-- Opening Marker --

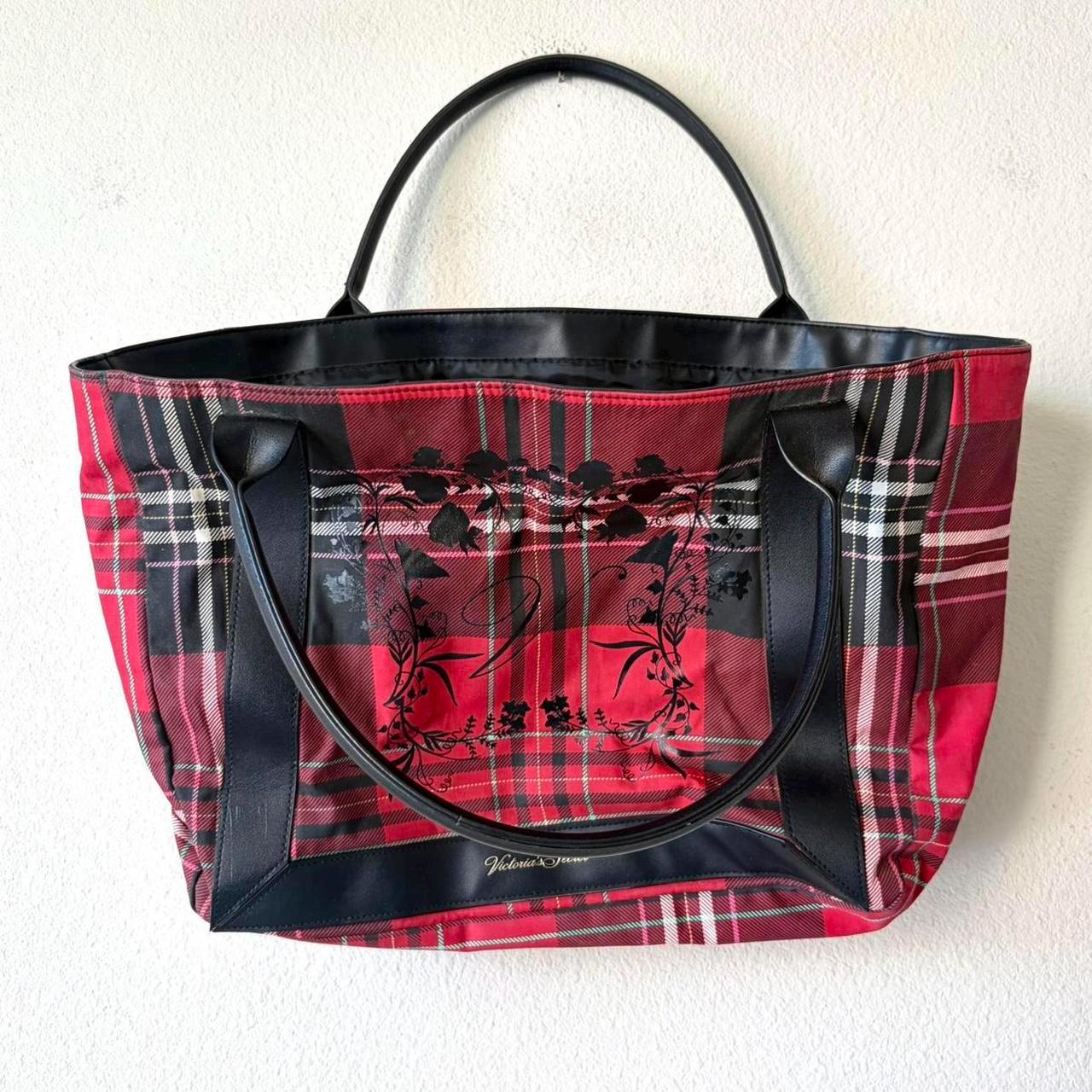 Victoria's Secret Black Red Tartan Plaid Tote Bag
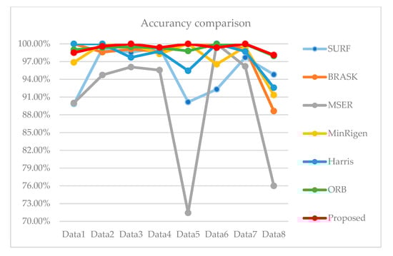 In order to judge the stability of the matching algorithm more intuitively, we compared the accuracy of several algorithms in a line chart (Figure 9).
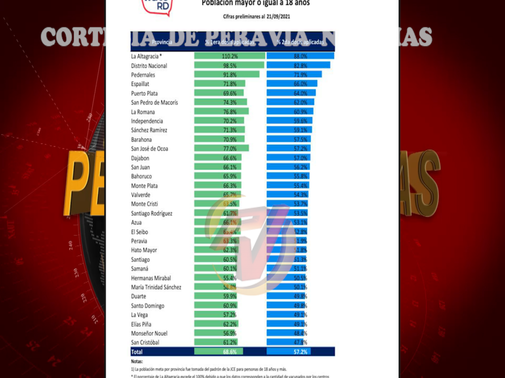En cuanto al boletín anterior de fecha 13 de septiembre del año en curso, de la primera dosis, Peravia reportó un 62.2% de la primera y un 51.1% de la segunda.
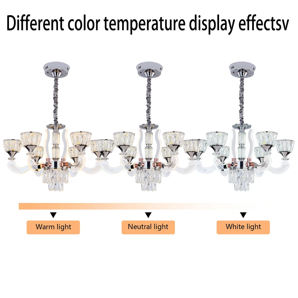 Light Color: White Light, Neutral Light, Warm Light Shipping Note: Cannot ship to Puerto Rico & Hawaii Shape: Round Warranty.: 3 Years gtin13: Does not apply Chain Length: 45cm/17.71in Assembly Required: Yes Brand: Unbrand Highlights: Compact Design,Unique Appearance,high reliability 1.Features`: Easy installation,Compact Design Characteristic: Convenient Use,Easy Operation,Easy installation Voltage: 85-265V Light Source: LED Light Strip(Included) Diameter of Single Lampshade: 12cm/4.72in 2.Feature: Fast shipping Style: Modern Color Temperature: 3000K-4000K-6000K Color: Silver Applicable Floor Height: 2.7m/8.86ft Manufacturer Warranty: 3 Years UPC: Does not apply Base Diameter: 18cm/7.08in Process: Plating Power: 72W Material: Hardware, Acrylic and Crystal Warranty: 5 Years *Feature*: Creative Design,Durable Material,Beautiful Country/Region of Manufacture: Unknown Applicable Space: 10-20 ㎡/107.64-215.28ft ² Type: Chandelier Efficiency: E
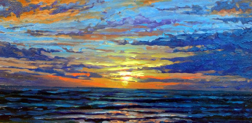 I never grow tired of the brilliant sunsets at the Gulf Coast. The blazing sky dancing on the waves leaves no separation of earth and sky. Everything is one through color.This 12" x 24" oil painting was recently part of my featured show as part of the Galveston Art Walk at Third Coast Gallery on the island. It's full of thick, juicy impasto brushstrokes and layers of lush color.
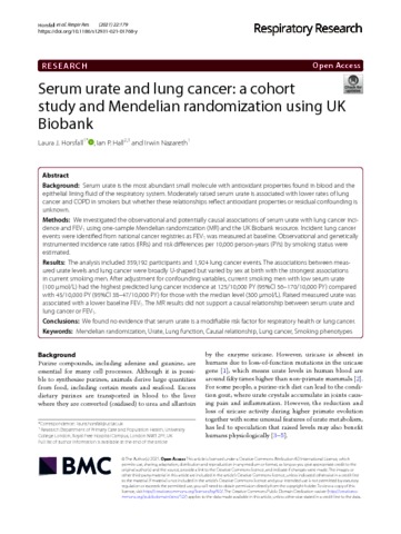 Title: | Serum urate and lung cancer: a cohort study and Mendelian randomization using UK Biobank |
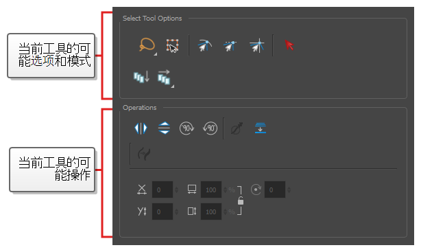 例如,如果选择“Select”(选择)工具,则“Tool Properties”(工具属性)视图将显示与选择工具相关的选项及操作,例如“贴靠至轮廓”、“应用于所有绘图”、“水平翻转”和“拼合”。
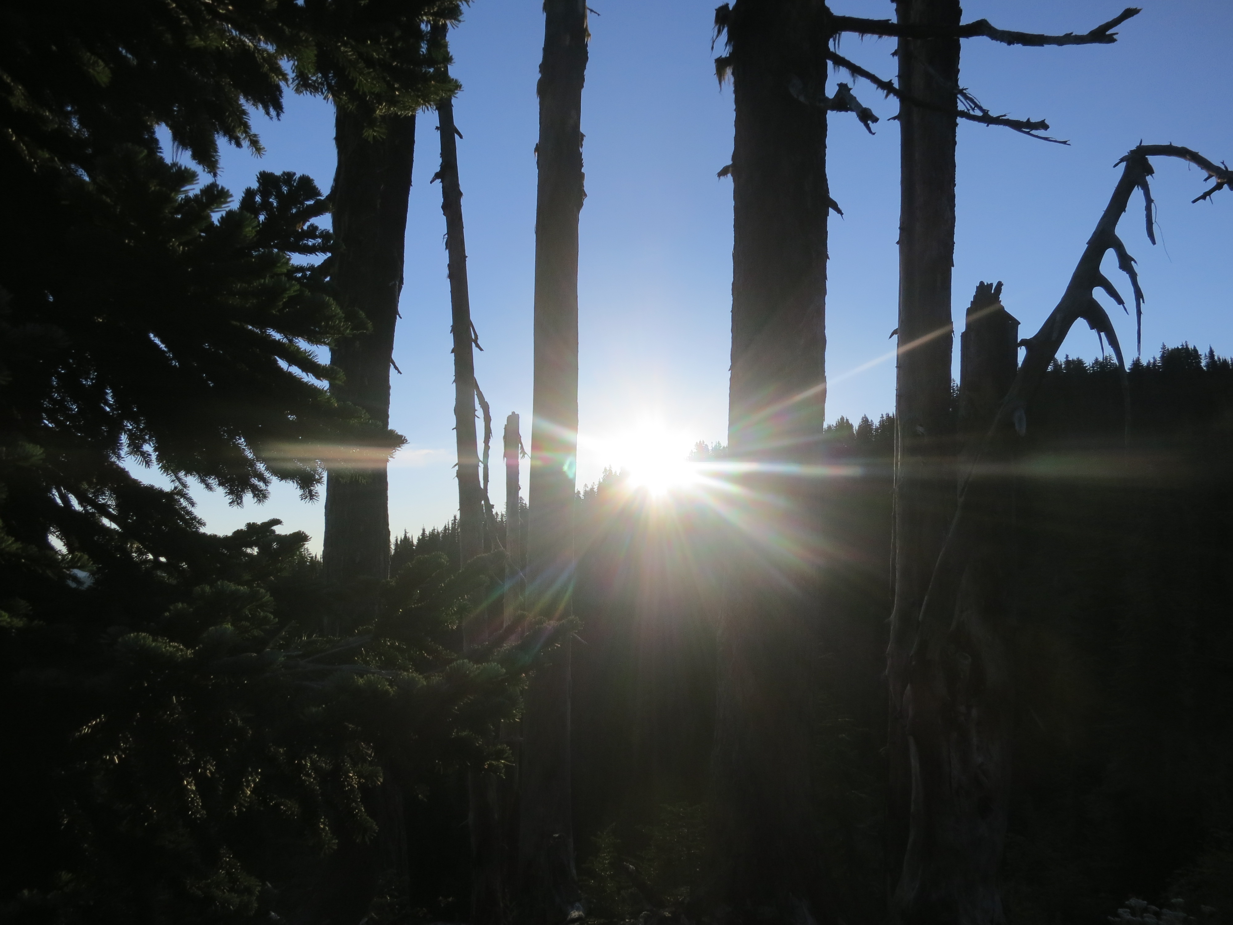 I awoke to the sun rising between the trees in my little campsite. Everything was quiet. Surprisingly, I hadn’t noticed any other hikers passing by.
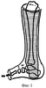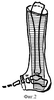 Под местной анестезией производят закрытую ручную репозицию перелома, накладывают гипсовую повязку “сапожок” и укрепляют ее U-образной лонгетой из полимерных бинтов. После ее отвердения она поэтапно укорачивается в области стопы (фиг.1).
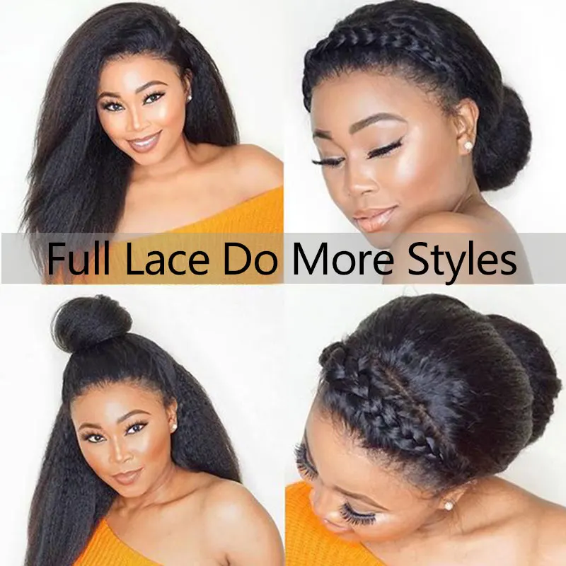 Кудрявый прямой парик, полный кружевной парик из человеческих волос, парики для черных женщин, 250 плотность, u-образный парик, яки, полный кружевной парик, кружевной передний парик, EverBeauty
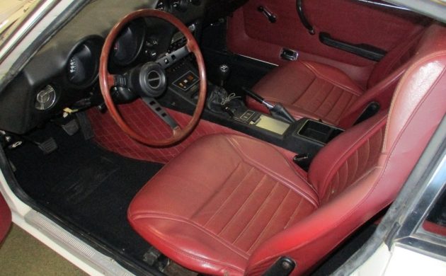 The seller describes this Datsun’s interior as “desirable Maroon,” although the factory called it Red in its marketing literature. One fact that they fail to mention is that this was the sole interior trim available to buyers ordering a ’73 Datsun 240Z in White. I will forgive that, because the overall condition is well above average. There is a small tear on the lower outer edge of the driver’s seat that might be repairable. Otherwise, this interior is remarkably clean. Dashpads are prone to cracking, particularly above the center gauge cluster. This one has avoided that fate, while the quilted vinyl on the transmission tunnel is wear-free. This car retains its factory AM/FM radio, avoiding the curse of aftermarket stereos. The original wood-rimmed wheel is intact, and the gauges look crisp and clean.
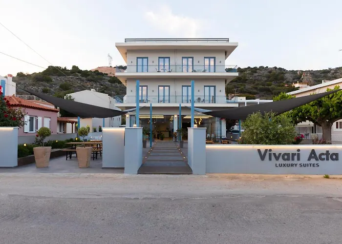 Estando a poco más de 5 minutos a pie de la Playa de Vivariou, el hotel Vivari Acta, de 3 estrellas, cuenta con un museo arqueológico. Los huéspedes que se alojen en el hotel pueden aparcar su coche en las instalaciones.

-- Closing Marker --

Of the records above, print only the lines from the one containing "I awoke to the" through the one containing "Кудрявый прямой парик, полный", inclusive and unaltered, leaving out pictures.

 I awoke to the sun rising between the trees in my little campsite. Everything was quiet. Surprisingly, I hadn’t noticed any other hikers passing by.
 Под местной анестезией производят закрытую ручную репозицию перелома, накладывают гипсовую повязку “сапожок” и укрепляют ее U-образной лонгетой из полимерных бинтов. После ее отвердения она поэтапно укорачивается в области стопы (фиг.1).
 Кудрявый прямой парик, полный кружевной парик из человеческих волос, парики для черных женщин, 250 плотность, u-образный парик, яки, полный кружевной парик, кружевной передний парик, EverBeauty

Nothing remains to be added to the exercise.